* **Problem requirements**
An exact transcription is needed of the lines below from the one with "Dino behang groen" through the one with "Google is testing", with no other lines and no pictures.

* **Supplied information**
________________________________________
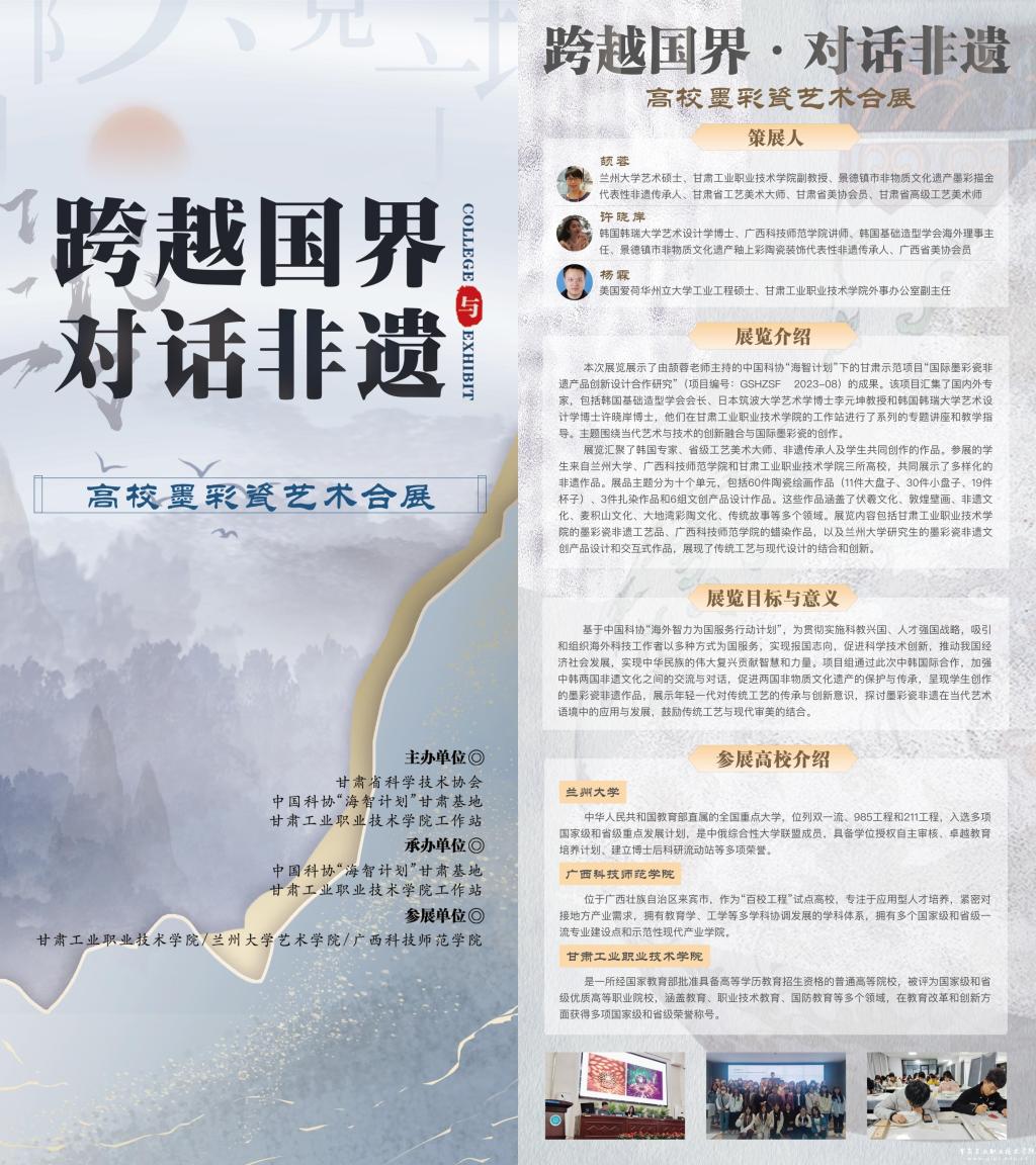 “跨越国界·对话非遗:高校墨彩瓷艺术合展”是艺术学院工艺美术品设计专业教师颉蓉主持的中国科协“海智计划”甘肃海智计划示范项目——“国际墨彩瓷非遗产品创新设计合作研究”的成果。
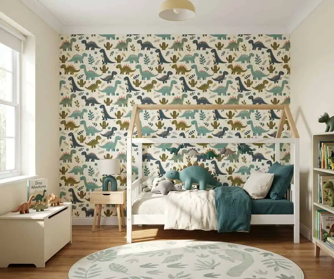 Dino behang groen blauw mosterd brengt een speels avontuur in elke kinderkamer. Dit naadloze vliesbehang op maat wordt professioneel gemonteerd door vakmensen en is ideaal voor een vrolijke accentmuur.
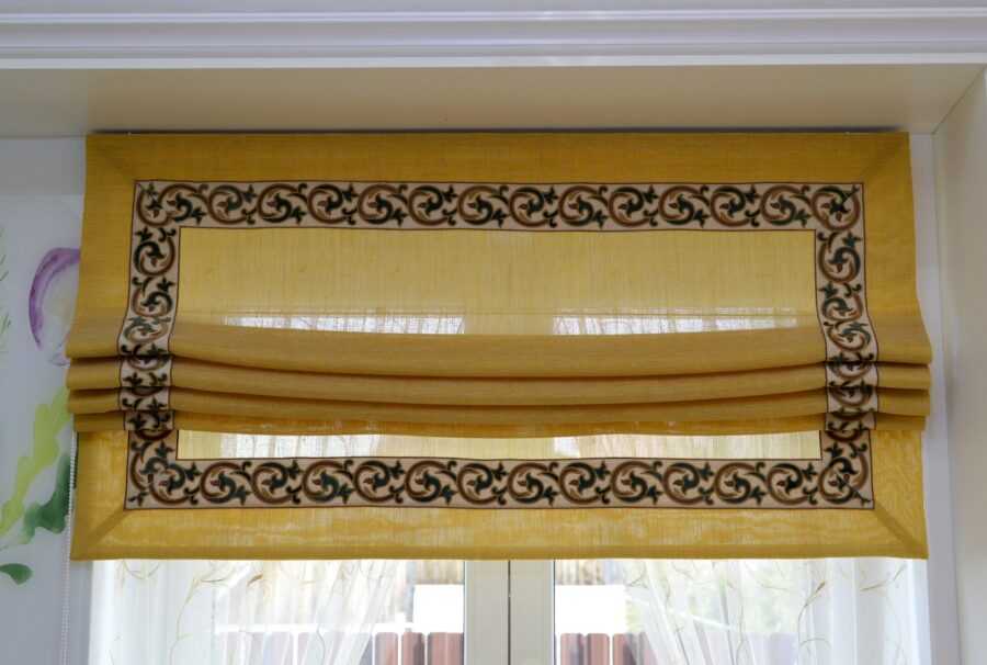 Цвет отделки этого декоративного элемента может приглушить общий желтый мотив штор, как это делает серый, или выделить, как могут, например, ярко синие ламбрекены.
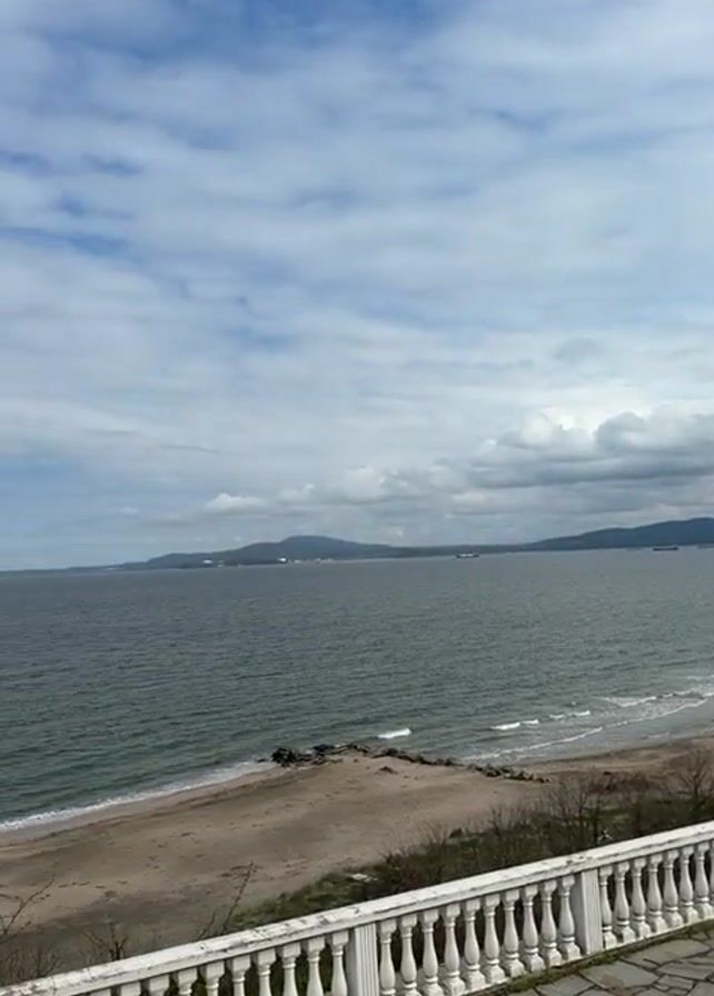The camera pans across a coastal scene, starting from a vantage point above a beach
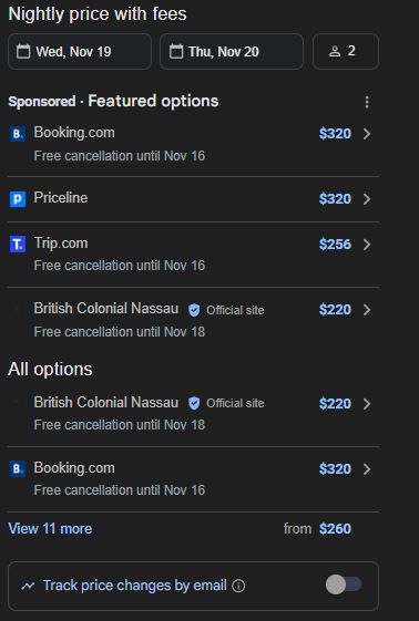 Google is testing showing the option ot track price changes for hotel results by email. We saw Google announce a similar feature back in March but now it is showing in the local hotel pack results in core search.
________________________________________
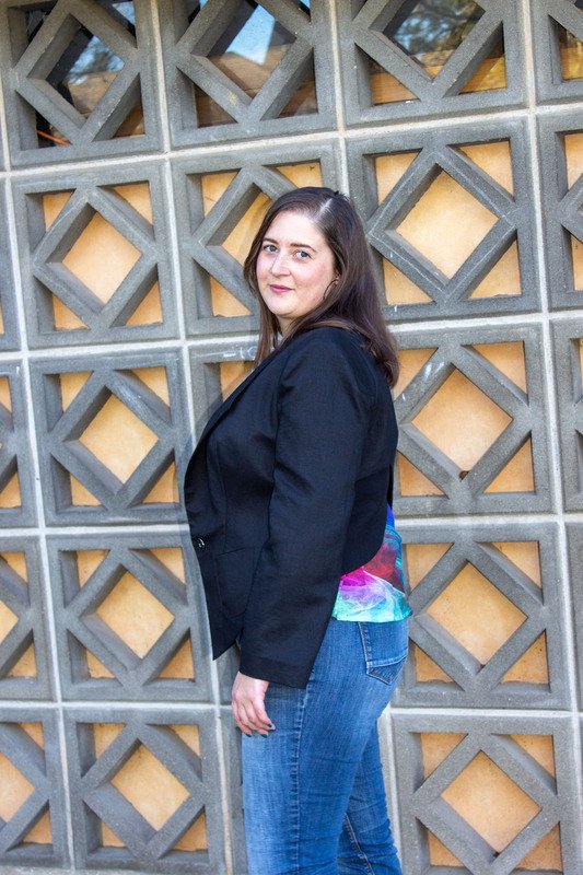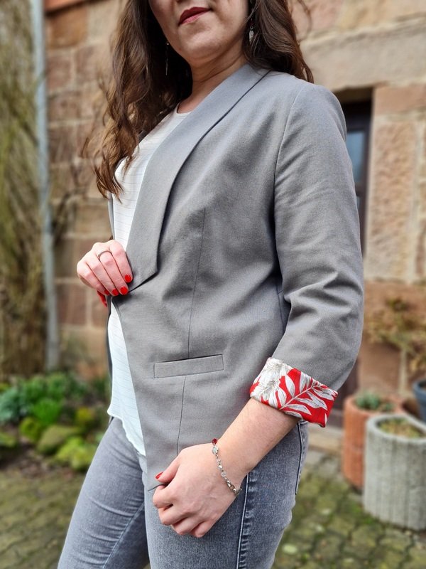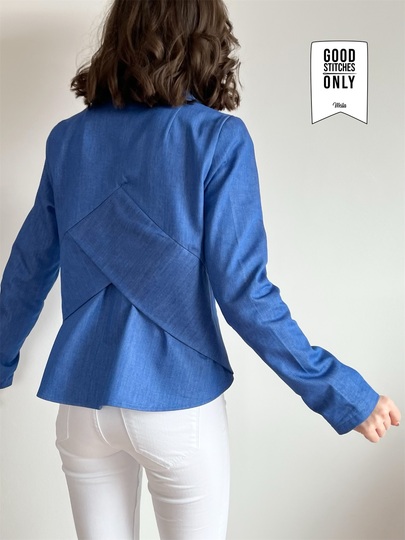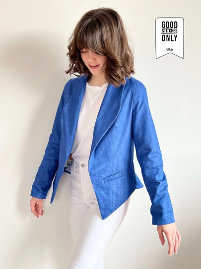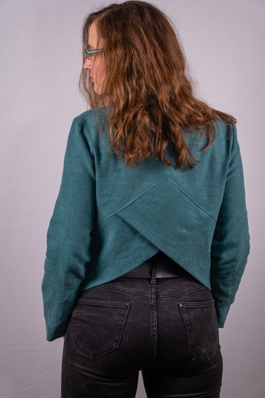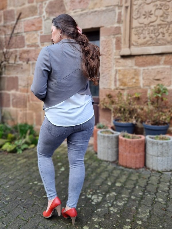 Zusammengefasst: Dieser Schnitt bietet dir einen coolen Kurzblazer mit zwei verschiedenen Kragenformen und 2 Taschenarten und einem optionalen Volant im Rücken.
________________________________________
* **Response for this exercise**
 Dino behang groen blauw mosterd brengt een speels avontuur in elke kinderkamer. Dit naadloze vliesbehang op maat wordt professioneel gemonteerd door vakmensen en is ideaal voor een vrolijke accentmuur.
 Цвет отделки этого декоративного элемента может приглушить общий желтый мотив штор, как это делает серый, или выделить, как могут, например, ярко синие ламбрекены.
The camera pans across a coastal scene, starting from a vantage point above a beach
 Google is testing showing the option ot track price changes for hotel results by email. We saw Google announce a similar feature back in March but now it is showing in the local hotel pack results in core search.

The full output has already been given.